▸ PROBLEM DETAILS
Your copy of the data should match it exactly, except that the pictures are gone.
DATASET CONTENT below:
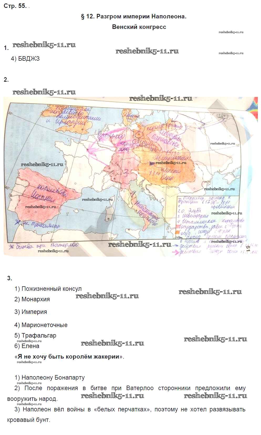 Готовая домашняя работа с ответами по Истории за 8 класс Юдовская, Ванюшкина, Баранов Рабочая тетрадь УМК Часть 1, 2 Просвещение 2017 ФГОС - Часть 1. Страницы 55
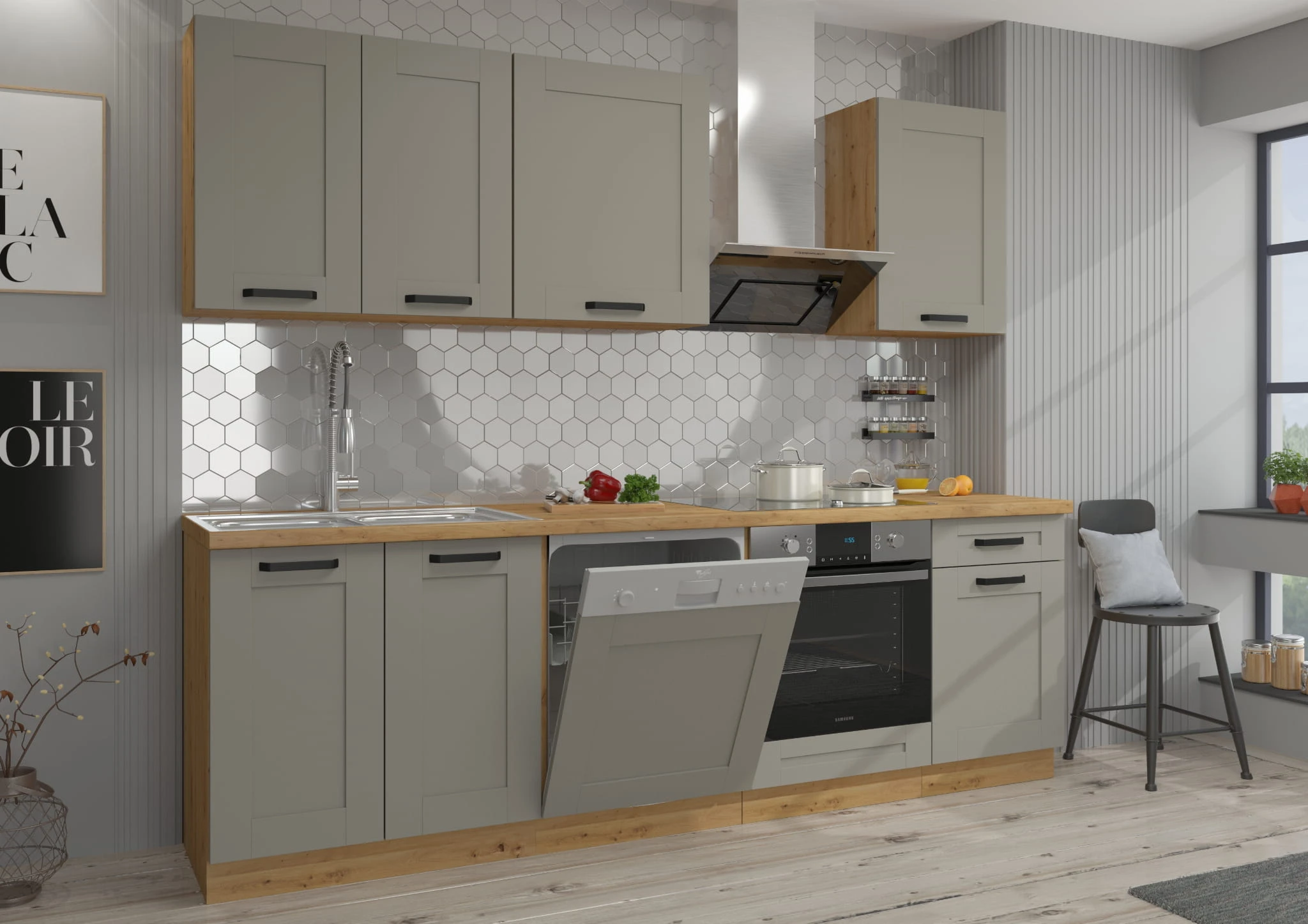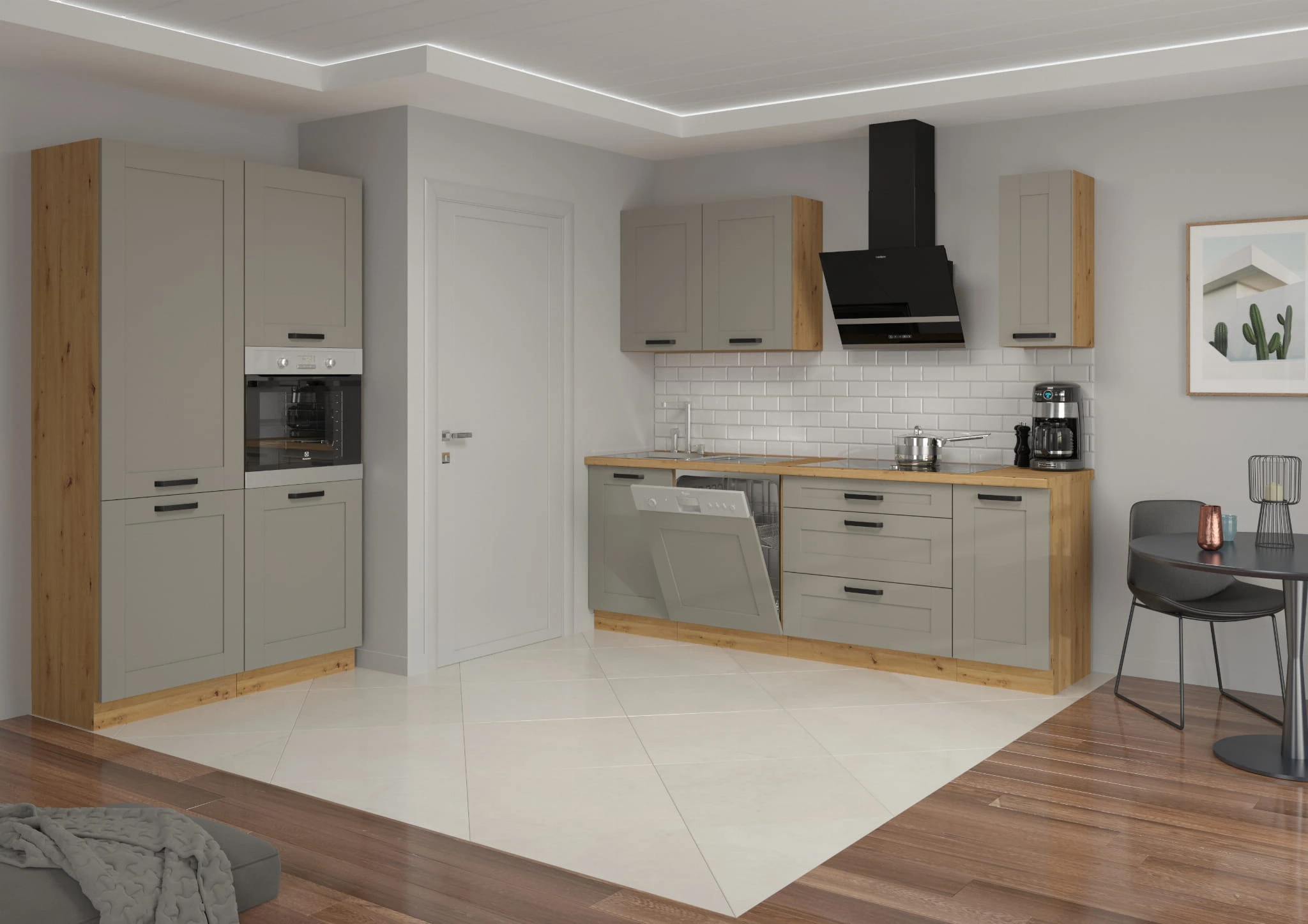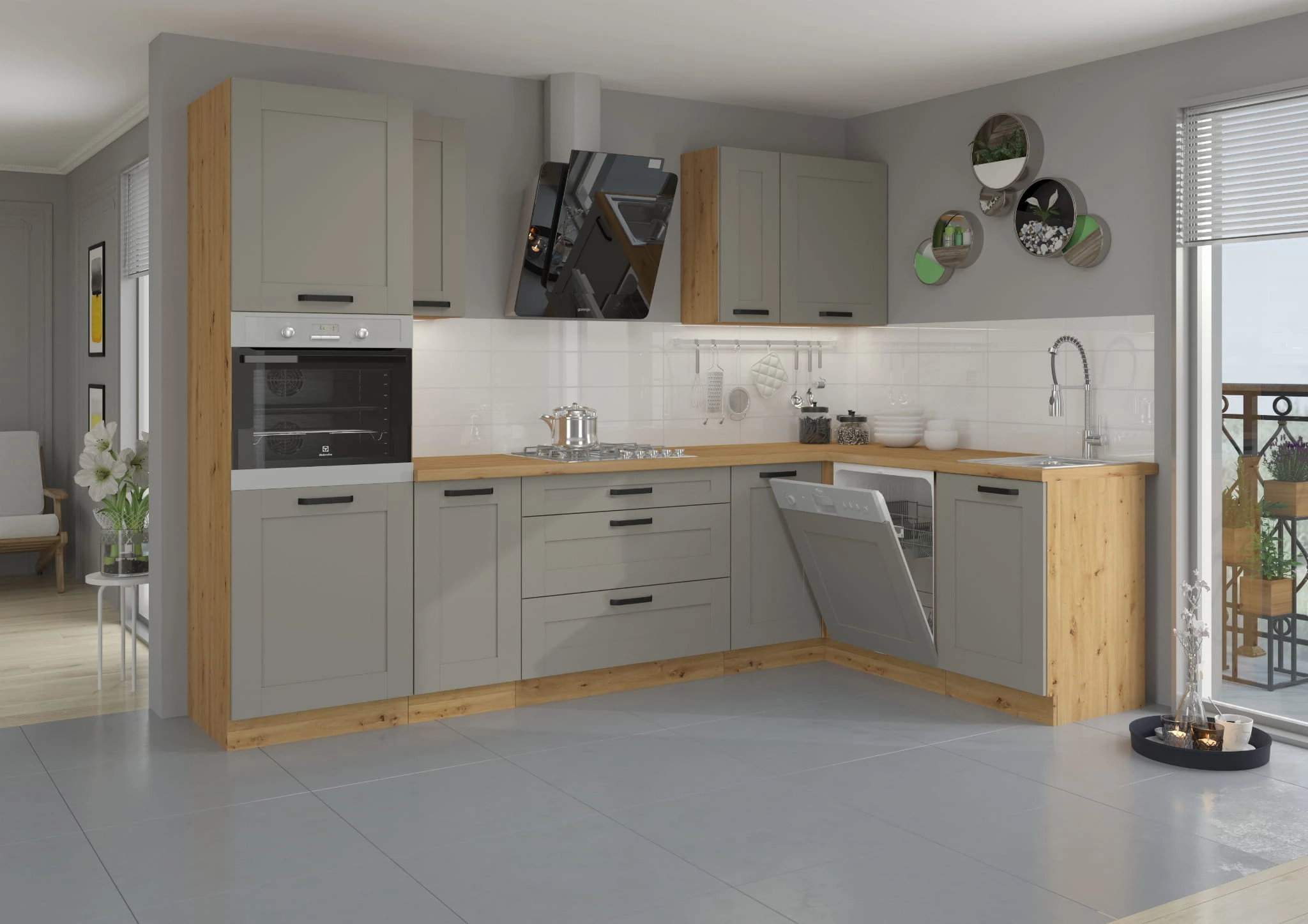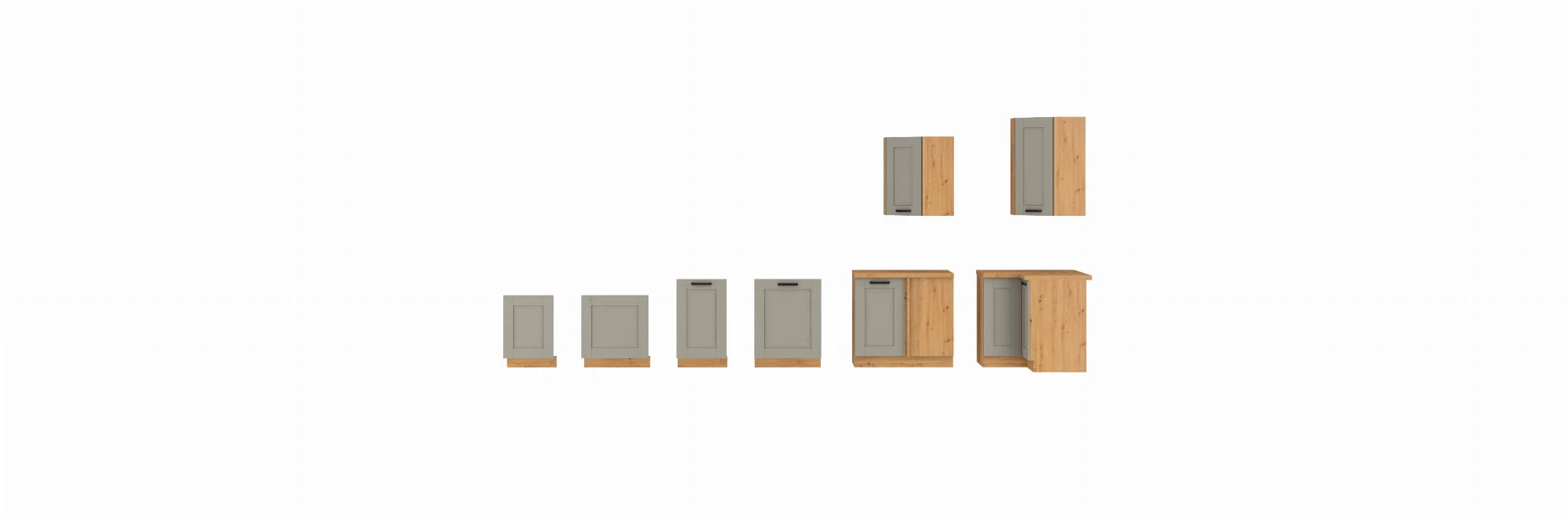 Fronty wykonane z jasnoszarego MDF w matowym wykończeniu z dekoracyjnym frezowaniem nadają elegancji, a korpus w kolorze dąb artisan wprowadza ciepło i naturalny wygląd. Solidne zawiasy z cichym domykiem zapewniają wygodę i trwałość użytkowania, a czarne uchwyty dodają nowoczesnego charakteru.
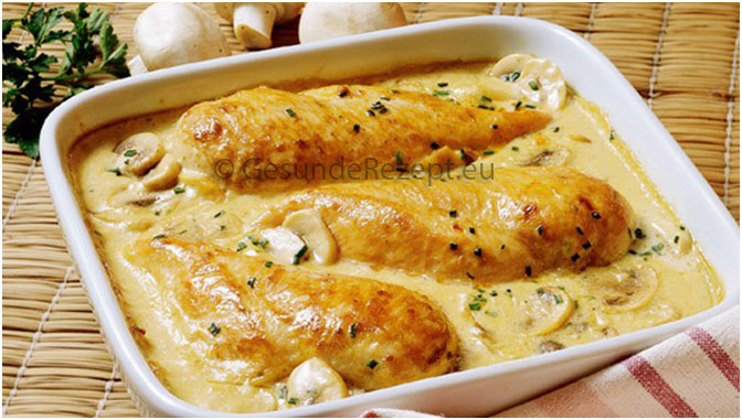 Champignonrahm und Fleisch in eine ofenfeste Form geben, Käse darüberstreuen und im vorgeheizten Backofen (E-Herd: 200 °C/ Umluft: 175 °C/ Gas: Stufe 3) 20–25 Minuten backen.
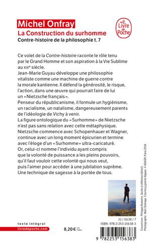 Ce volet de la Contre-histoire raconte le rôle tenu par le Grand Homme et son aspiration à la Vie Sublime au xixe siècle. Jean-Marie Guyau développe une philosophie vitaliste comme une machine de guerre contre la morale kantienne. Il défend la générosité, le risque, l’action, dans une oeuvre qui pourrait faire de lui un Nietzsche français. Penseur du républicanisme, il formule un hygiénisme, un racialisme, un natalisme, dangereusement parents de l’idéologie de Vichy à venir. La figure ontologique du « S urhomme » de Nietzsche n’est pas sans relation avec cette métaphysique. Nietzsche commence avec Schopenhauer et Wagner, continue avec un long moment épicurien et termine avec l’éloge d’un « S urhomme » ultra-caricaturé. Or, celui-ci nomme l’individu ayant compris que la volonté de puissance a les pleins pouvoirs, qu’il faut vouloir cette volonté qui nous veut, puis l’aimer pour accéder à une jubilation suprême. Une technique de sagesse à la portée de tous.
End of DATASET CONTENT.
▸ EXERCISE RESULT
 Готовая домашняя работа с ответами по Истории за 8 класс Юдовская, Ванюшкина, Баранов Рабочая тетрадь УМК Часть 1, 2 Просвещение 2017 ФГОС - Часть 1. Страницы 55
 Fronty wykonane z jasnoszarego MDF w matowym wykończeniu z dekoracyjnym frezowaniem nadają elegancji, a korpus w kolorze dąb artisan wprowadza ciepło i naturalny wygląd. Solidne zawiasy z cichym domykiem zapewniają wygodę i trwałość użytkowania, a czarne uchwyty dodają nowoczesnego charakteru.
 Champignonrahm und Fleisch in eine ofenfeste Form geben, Käse darüberstreuen und im vorgeheizten Backofen (E-Herd: 200 °C/ Umluft: 175 °C/ Gas: Stufe 3) 20–25 Minuten backen.
 Ce volet de la Contre-histoire raconte le rôle tenu par le Grand Homme et son aspiration à la Vie Sublime au xixe siècle. Jean-Marie Guyau développe une philosophie vitaliste comme une machine de guerre contre la morale kantienne. Il défend la générosité, le risque, l’action, dans une oeuvre qui pourrait faire de lui un Nietzsche français. Penseur du républicanisme, il formule un hygiénisme, un racialisme, un natalisme, dangereusement parents de l’idéologie de Vichy à venir. La figure ontologique du « S urhomme » de Nietzsche n’est pas sans relation avec cette métaphysique. Nietzsche commence avec Schopenhauer et Wagner, continue avec un long moment épicurien et termine avec l’éloge d’un « S urhomme » ultra-caricaturé. Or, celui-ci nomme l’individu ayant compris que la volonté de puissance a les pleins pouvoirs, qu’il faut vouloir cette volonté qui nous veut, puis l’aimer pour accéder à une jubilation suprême. Une technique de sagesse à la portée de tous.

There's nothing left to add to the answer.